Michael Tarnat  war von 2010 bis 2015 sportlicher Leitung der FCB-Nachwuchsabteilung
Michael Tarnat war von 2010 bis 2016 Nachwuchs-Chef beim FC Bayern © Imago

Der Ex-Jugendchef Michael Tarnat sieht große Probleme in der Jugendarbeit des FC Bayern München. Borussia Dortmund sieht er da klar im Vorteil.

David Alaba ist der letzte Spieler beim FC Bayern München, der den Sprung aus der Bayern-Jugend zu den Profis geschafft hat. Der Ex-Jugendchef Michael Tarnat sieht darin ein großes Problem für den Rekordmeister.

Denn wenn die jungen Talente sehen, dass es bei Bayern so extrem schwer ist, den Sprung zu den Profis zu schaffen,werde es "auch schwierig, neue Spieler in der Jugend zu verpflichten", meinte Michael Tarnat im Interview mit der Bild:

"Die Talente aus anderen Klubs bekommen das ja mit und fragen sich: Soll ich dahin wechseln?
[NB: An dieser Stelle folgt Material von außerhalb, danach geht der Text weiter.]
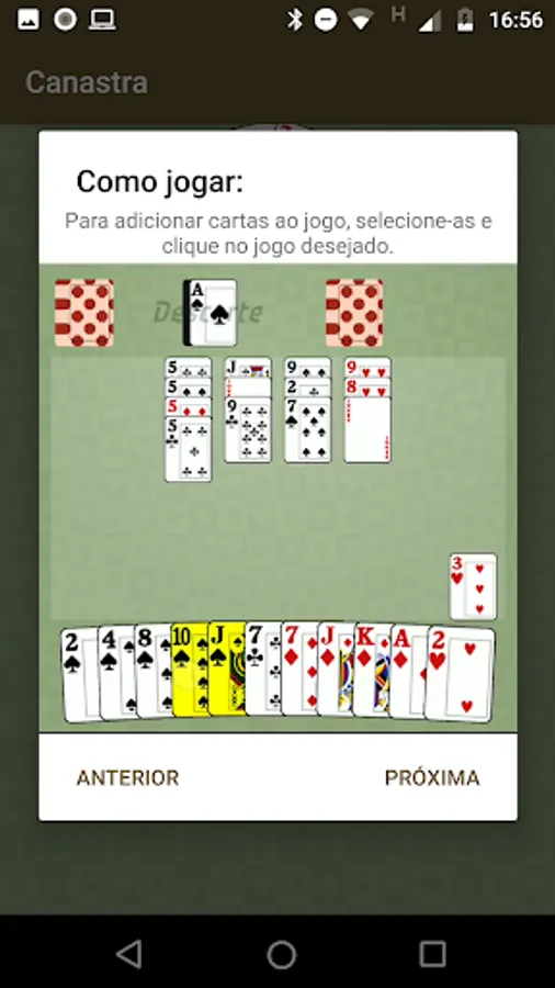 Very similar to the hole, the 3p3v canasta is played with 4 players in pairs. Each player is dealt 13 cards at the start of the game, and each pair must join their cards in sequences and broken cracks. Games with more than 7 cards are called Canastras, which are worth 100 points if they have jokers and 200 points plus 100 points for each card plus 7 if they don't (for example, a clean 9-card canasta is worth 400 points (200 + 100 * (9-7)).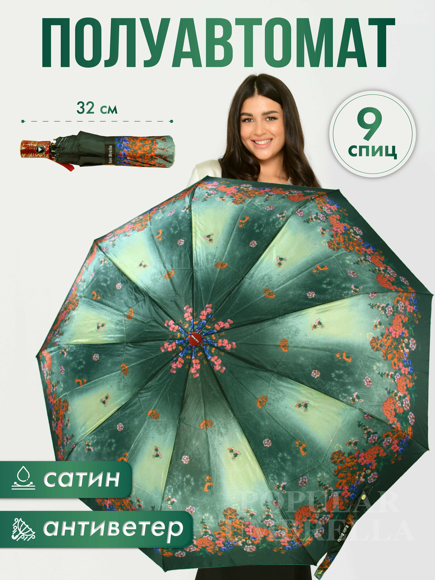 Зонт женский полуавтомат, зонтик взрослый складной антиветер 111N, зеленый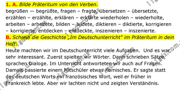 1. A. Bilde Präteritum von den Verben. begrüßen — begrüßte, fragen – fragte, übersetzen – übersetzte, erzählen – erzählte, erklären – erklärte wiederholen – wiederholte, arbeiten – arbeitete, bilden – bildete, diktieren – diktierte, korrigieren – korrigierte, entdecken – entdeckte, inszenieren – inszenierte. B. Schreib die Geschichte „Im Deutschunterricht" im Präteritum in dein Heft. Heute machten wir im Deutschunterricht viele Aufgaben. Und es war sehr interessant. Zuerst spielten wir Wörter. Dann schrieben Sätze, sprachen Dialoge. Im Unterricht antworteten wir auch auf Fragen. Damals passierte einem Mitschüler etwas Komisches. Er sagte statt des deutschen Worts ein französisches Wort, weil er früher in Frankreich lebte. Aber wir lachten nicht und zeigten Verständnis.

Da habe ich ja keine Chance nach oben. Da sehe ich eine Riesen-Gefahr. Ich kenne Spieler, die angesprochen wurden und die genau das sagen."

Ausgerechnet dem Erzrivalen der Bayern attestiert der 47-Jährige in dem Bereich klare Vorteil: "Dortmund ist das beste Beispiel. Die haben einen starken Kader, aber mit Felix Passlack, Christian Pulisic oder Dzenis Burnic Jungs, die die Möglichkeit haben, bei den Profis zu spielen. Für die Motivation ist das sehr wichtig."

Als gangbares Modell für die Zukunft empfiehlt der Ex-Bayern Profi, der von 2010 bis 2016 Nachwuchs-Chef beim Rekordmeister war, wieder mehr Spieler zu verleihen: "So wie es bei Lahm oder Alaba war."

Lob hat Tarnat für Louis van Gaal übrig: "Er war zumindest der letzte, der sie richtig zu sich genommen, sie ausgebildet und sie weitergebracht hat. Das muss man schon sagen."